Solution: Pre-compute and store the result, update on write.

// movies collection
{
  _id: ObjectId("..."),
  title: "Example Movie",
  // Pre-computed from screenings collection
  computed: {
    total_revenue: 1250000,
    avg_rating: 4.2,
    rating_count: 843,
    last_computed: ISODate("2025-01-15T00:00:00Z")
  }
}

Update strategy: On each new rating, increment count and recalculate average. Or use a background job for less time-sensitive data.

When to use: Dashboards, leaderboards, summary statistics.

3. Bucket Pattern

Problem: Many small, time-series documents create overhead (indexes, storage per doc).

Solution: Group related data into fixed-size buckets.

// sensor_readings collection - one doc per sensor per hour
{
  sensor_id: "sensor-42",
  bucket_start: ISODate("2025-01-15T14:00:00Z"),
  bucket_end: ISODate("2025-01-15T14:59:59Z"),
  count: 60,
  readings: [
    { ts: ISODate("2025-01-15T14:00:00Z"), temp: 22.1, humidity: 45 },
    { ts: ISODate("2025-01-15T14:01:00Z"), temp: 22.3, humidity: 44 }
    // ... up to 60 readings per bucket
  ],
  // Pre-computed aggregates for the bucket
  summary: {
    avg_temp: 22.4,
    min_temp: 21.8,
    max_temp: 23.1
  }
}

Bucket sizing: Choose a size that balances doc count reduction vs update frequency. Common choices: 1 hour, 1 day, 100 events.

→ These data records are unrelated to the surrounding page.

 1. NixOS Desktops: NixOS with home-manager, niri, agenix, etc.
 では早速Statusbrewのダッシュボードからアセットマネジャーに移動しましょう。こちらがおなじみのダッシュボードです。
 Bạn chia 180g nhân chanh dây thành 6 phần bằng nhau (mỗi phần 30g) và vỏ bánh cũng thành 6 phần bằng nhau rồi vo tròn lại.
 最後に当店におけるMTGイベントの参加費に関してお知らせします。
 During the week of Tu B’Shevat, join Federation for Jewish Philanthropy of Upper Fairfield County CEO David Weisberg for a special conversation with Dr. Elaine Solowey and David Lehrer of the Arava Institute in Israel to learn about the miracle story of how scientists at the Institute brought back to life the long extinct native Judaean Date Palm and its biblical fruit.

When to use: IoT, time-series, event logging, analytics.

4. Outlier Pattern

Problem: A few documents have vastly more data than the norm (e.g., a viral post with millions of likes).

Solution: Flag outliers and overflow into separate documents.

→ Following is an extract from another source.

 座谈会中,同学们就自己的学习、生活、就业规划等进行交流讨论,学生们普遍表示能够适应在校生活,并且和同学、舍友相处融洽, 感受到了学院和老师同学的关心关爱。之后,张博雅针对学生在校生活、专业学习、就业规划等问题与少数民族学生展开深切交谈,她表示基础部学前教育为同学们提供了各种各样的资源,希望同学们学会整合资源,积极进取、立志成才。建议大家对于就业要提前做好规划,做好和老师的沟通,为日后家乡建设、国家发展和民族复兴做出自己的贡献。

// books collection - normal case
{
  _id: ObjectId("..."),
  title: "Normal Book",
  customers_purchased: ["user1", "user2", "user3"],
  has_overflow: false
}

// books collection - outlier (bestseller)
{
  _id: ObjectId("..."),
  title: "Bestseller",
  customers_purchased: ["user1", "user2", /* ... first 1000 */],
  has_overflow: true
}

// book_purchases_overflow collection
{
  book_id: ObjectId("..."),
  page: 2,
  customers_purchased: ["user1001", "user1002", /* ... next 1000 */]
}

When to use: Social media (viral posts), e-commerce (bestsellers), any data with power-law distribution.

5. Extended Reference Pattern

Problem: Frequent joins (lookups) to get a few fields from a referenced document.

Solution: Copy the most-accessed fields into the referencing document.

// orders collection
{
  _id: ObjectId("..."),
  date: ISODate("..."),
  customer_id: ObjectId("..."),
  // Extended reference - copied fields for fast reads
  customer_name: "Alice Smith",
  customer_email: "alice@example.com",
  items: [
    {
      product_id: ObjectId("..."),
      product_name: "Widget",  // copied
      price: 29.99,            // copied (snapshot at time of order)
      quantity: 2
    }
  ]
}

Trade-off: Stale data is acceptable (order snapshots price at purchase time). For data that must be current, keep only the reference.

When to use: Orders (snapshot pricing), notifications (snapshot user name), audit logs.

6. Polymorphic Pattern

Problem: Objects share some fields but differ in others (e.g., different product types).

Solution: Store in a single collection with a type discriminator.

// vehicles collection
{ type: "car", make: "Toyota", doors: 4, trunk_size_liters: 450 }
{ type: "truck", make: "Ford", doors: 2, payload_kg: 5000 }
{ type: "motorcycle", make: "Harley", engine_cc: 1200 }

Index strategy: Index common fields. Use partial indexes for type-specific fields.

db.vehicles.createIndex(
  { payload_kg: 1 },
  { partialFilterExpression: { type: "truck" } }
);

When to use: Product catalogs, content management (articles, videos, images), mixed event streams.

Anti-Patterns

Mistake Problem Fix
Unbounded array growth Document exceeds 16 MB Use bucket or outlier pattern
Deep nesting (> 3 levels) Hard to query and index Flatten or reference
Normalizing everything Too many lookups, slow reads Embed when read together
Embedding large blobs Wastes RAM in working set Store in GridFS or S3
No schema validation Inconsistent data over time Use JSON Schema validation
Indexing every field Slow writes, wasted space Index based on query patterns

Schema Validation

Use db.createCollection() with $jsonSchema validator to enforce structure. Set validationLevel: "moderate" to apply only on inserts and updates (not existing docs).